▶ [Required work] The records below must be output exactly, without pictures.

(Items from a data source)
------------------------------

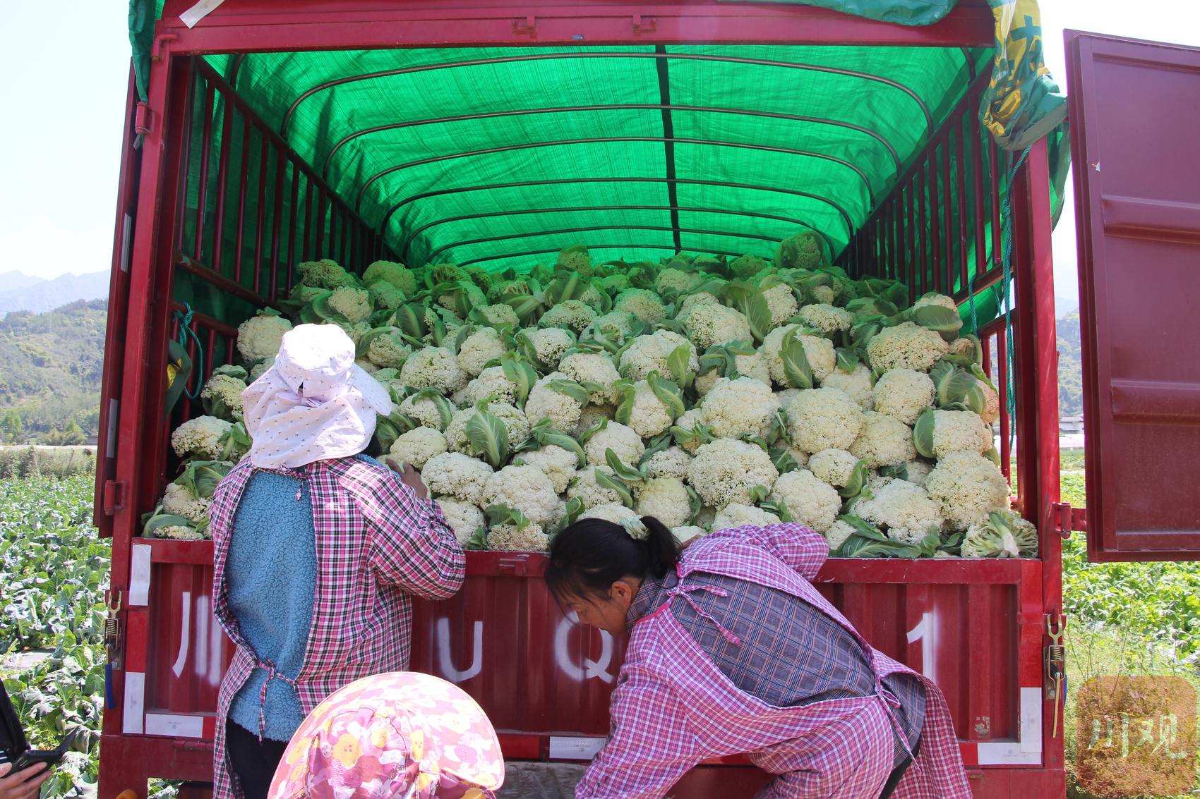 在隆兴村开心农场,村民正在把花菜装车
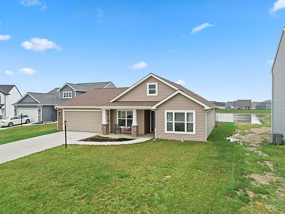Better-than-new 1596 SF Ranch on a pond lot on a cul de sac in Southwest Fort Wayne. Enjoy the serene pond views from the back patio with Pergola, or sip your morning coffee on the covered front porch. The open concept kitchen offers upgraded white cabinets with soft close doors and drawers, a deluxe gas range, corner pantry, island sink and dishwasher, and fully vented hood. This Lancia Yorktown floorplan with 3 arched entryways was built in 2021 offers 3 bedrooms, and 2 full bathrooms. The walk-in storage on the main level is a 6x5 room full of shelves. The great room has a trey ceiling with ceiling fan, and a gas log fireplace. Split bedroom floorplan- Master bedroom has a ceiling fan and walk in closet, and the bath has a tile flooring, & tile shower with 1' seat and door! Luxury Vinyl Plank flooring is the hard surface flooring elsewhere. Attached 2 car garage has pull down steps to floored attic storage. The garage shelves will remain, and there is pegboard on the walls. Award-winning school district. Don't miss this one!!
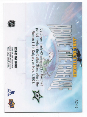 2024-25 Upper Deck MVP Above the Crease #AC-15 Jake Oettinger
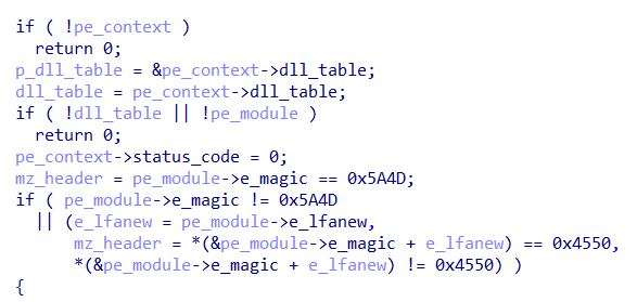 Right at the beginning of the function, it’s possible to see that the plugin must be a PE artifact, since the function checks both DOS and PE headers.
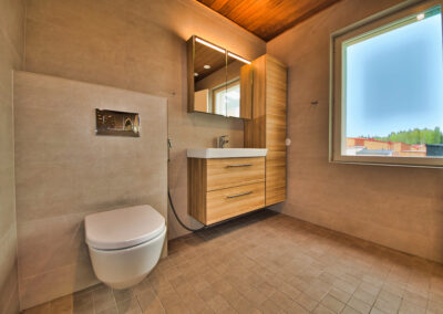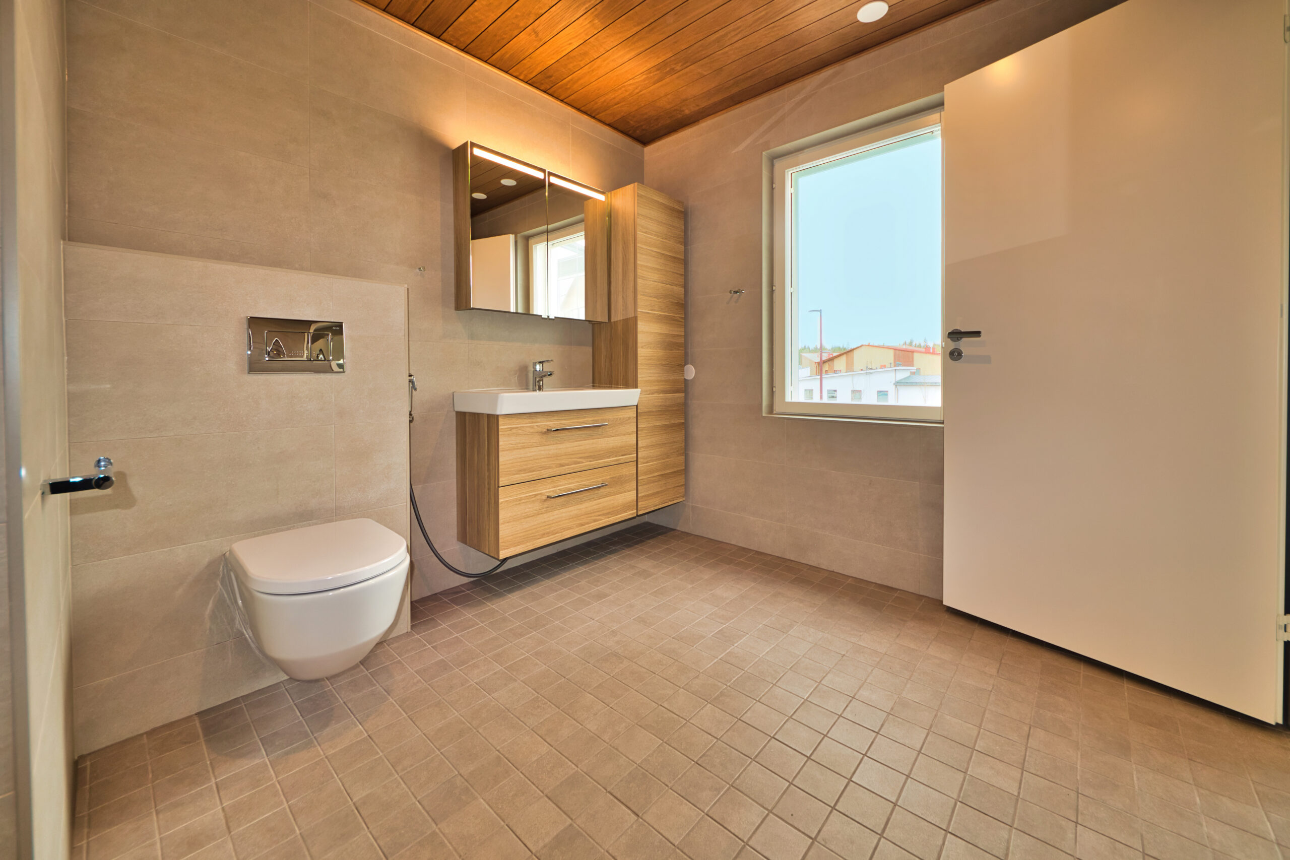 Lämmitysjärjestelmä: Poistoilmalämpöpumppu yhdistettynä vesikiertoiseen lattialämmitykseen. Asunnossa on koneellinen ilman-vaihto lämmöntalteenotolla.

------------------------------

▶ [Solution to this task]
 在隆兴村开心农场,村民正在把花菜装车
Better-than-new 1596 SF Ranch on a pond lot on a cul de sac in Southwest Fort Wayne. Enjoy the serene pond views from the back patio with Pergola, or sip your morning coffee on the covered front porch. The open concept kitchen offers upgraded white cabinets with soft close doors and drawers, a deluxe gas range, corner pantry, island sink and dishwasher, and fully vented hood. This Lancia Yorktown floorplan with 3 arched entryways was built in 2021 offers 3 bedrooms, and 2 full bathrooms. The walk-in storage on the main level is a 6x5 room full of shelves. The great room has a trey ceiling with ceiling fan, and a gas log fireplace. Split bedroom floorplan- Master bedroom has a ceiling fan and walk in closet, and the bath has a tile flooring, & tile shower with 1' seat and door! Luxury Vinyl Plank flooring is the hard surface flooring elsewhere. Attached 2 car garage has pull down steps to floored attic storage. The garage shelves will remain, and there is pegboard on the walls. Award-winning school district. Don't miss this one!!
 2024-25 Upper Deck MVP Above the Crease #AC-15 Jake Oettinger
 Right at the beginning of the function, it’s possible to see that the plugin must be a PE artifact, since the function checks both DOS and PE headers.
 Lämmitysjärjestelmä: Poistoilmalämpöpumppu yhdistettynä vesikiertoiseen lattialämmitykseen. Asunnossa on koneellinen ilman-vaihto lämmöntalteenotolla.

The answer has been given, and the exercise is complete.